Another powerful senator, however, Rules Committee Chairman Jim Preuitt, D-Talladega, said he was frustrated that certain lobbyists had previewed bills while lawmakers were still awaiting a peek.

"We, the legislative body, have not been shown that courtesy," said Preuitt, who has threatened to block the resolution to recess the regular session until Riley releases details.

Senate staffers said Wednesday that the chamber's rules would allow another member to introduce a voice motion calling for the recess, even over Preuitt's objections.

Guin expressed some of the same frustration, but added that Nabers' presentation to House Democrats Wednesday was the most detailed yet, giving legislators a look at what Guin described as "a complicated, major reform package."

Other lawmakers said the finance director also invited them to his office for question- and-answer sessions next week.

As described by Guin, Riley's property tax plan would increase rates for owners of the state's more expensive homes, while leaving owners of some lesser-valued homes with the same or lower property tax burden.

Currently, property is divided into four categories and taxed at a rate of 6.5 mills by the state. A mill is one-tenth of a cent, equivalent to $1 in taxes for every $1,000 of assessed property value.

Home and timber owners pay the 6.5-mill rate on 10 percent of their property's assessed value; automobile and boat owners pay on 15 percent; commercial property owners pay on 20 percent; utility companies pay on 30 percent.

Under Riley's plan, Guin said, all property would be taxed at 100 percent of the assessed value, but the millage rate would be lowered to 3 or 3.5 mills, and the homestead exemption, granted for a taxpayer's primary residence, would be increased to $50,000. Currently, the exemption varies from $2,000 to $4,000.

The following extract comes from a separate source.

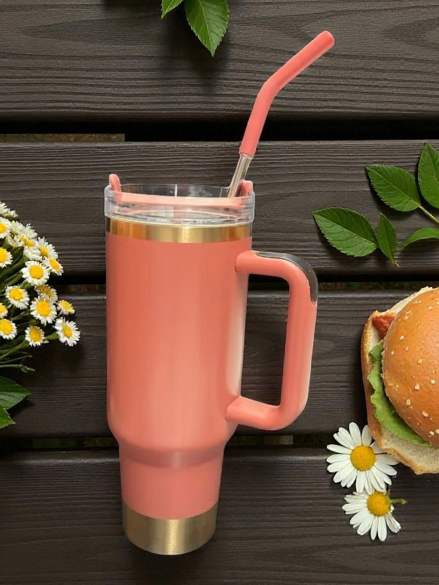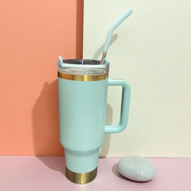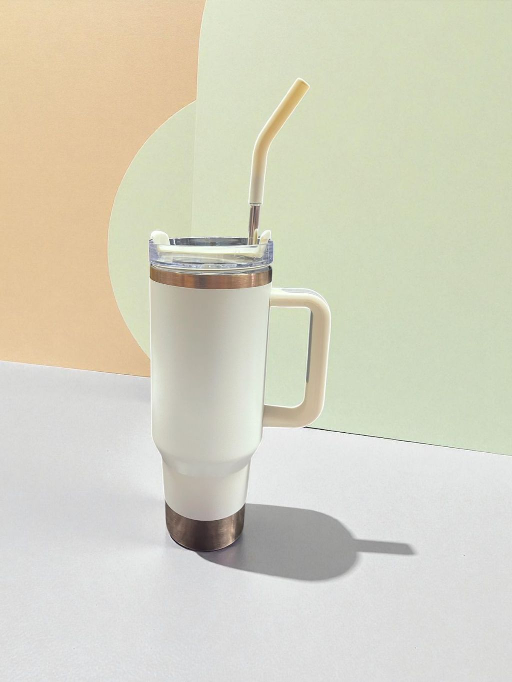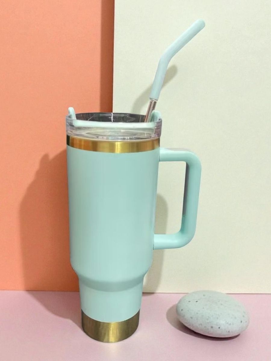 Copo Térmico Inox Alça Flip Straw SEM LOGO com canudo INOX 1200ml Qualidade

The changes would not apply to any local property tax rates and rules.

Those proposals would leave a homeowner with a house valued at $50,000 or less without any state property tax, as the homestead exemption would reduce the taxable value of the home to zero. Right now, the owner of a $50,000 home, assuming a $4,000 homestead exemption, pays $6.50.

Considering the $50,000 homestead exemption, each additional $1,000 in value above $50,000 would amount to $3.50 in state property tax.

For example, the owner of a $75,000 home would pay the 3.5-mill rate on $25,000 after the exemption. The total state property tax bill would be $87.50. Today, that homeowner pays $22.75.

A $100,000 home would command $175 in state taxes under the plan Guin de scribed. That homeowner now pays $39 to the state.

Riley said again Wednesday that his plan would include about 30 bills. A preliminary list of 20 topics distributed earlier this week in the State House featured seven tax measures, 12 accountability reforms and a college scholarship program.

The governor said Wednesday that he is considering establishing a state-funded pre-kindergarten program.

Guin said House leaders have told the administration in strategy meetings that they want half of the bills sponsored by Democrats and half sponsored by GOP members.

"This has to be bipartisan," he said. "If the Republicans start voting against this, we'll vote against it, too."

Among other proposals legislators and lobbyists have said could be in the plan:

Creating graduated income tax rates of 4, 5 and 6 percent. The current rate is essentially a flat 5 percent.

Increasing the threshold at which a family of four pays income tax. That threshold is now $4,600, the lowest in the nation. Guin said Nabers proposed raising that first to $17,000, then up to $19,000 over the next two years.

Asking teachers and state employees to pay higher premiums and usage fees for health insurance.

Increasing the minimum retirement ages and length of service for new teachers and state employees.

Requiring that all new revenue be pooled in one account for the Legislature to appropriate, as opposed to the existing system of "earmarking" or legally predetermining how most tax money is spent.

Requiring fired teachers to use binding arbitration rather than the court system for reinstatement proceedings.

Allowing local school systems greater budgeting flexibility and the freedom to offer incentive pay to teachers in understaffed subject areas.

(Capital Bureau Reporter Sallie Owen contributed to this report.)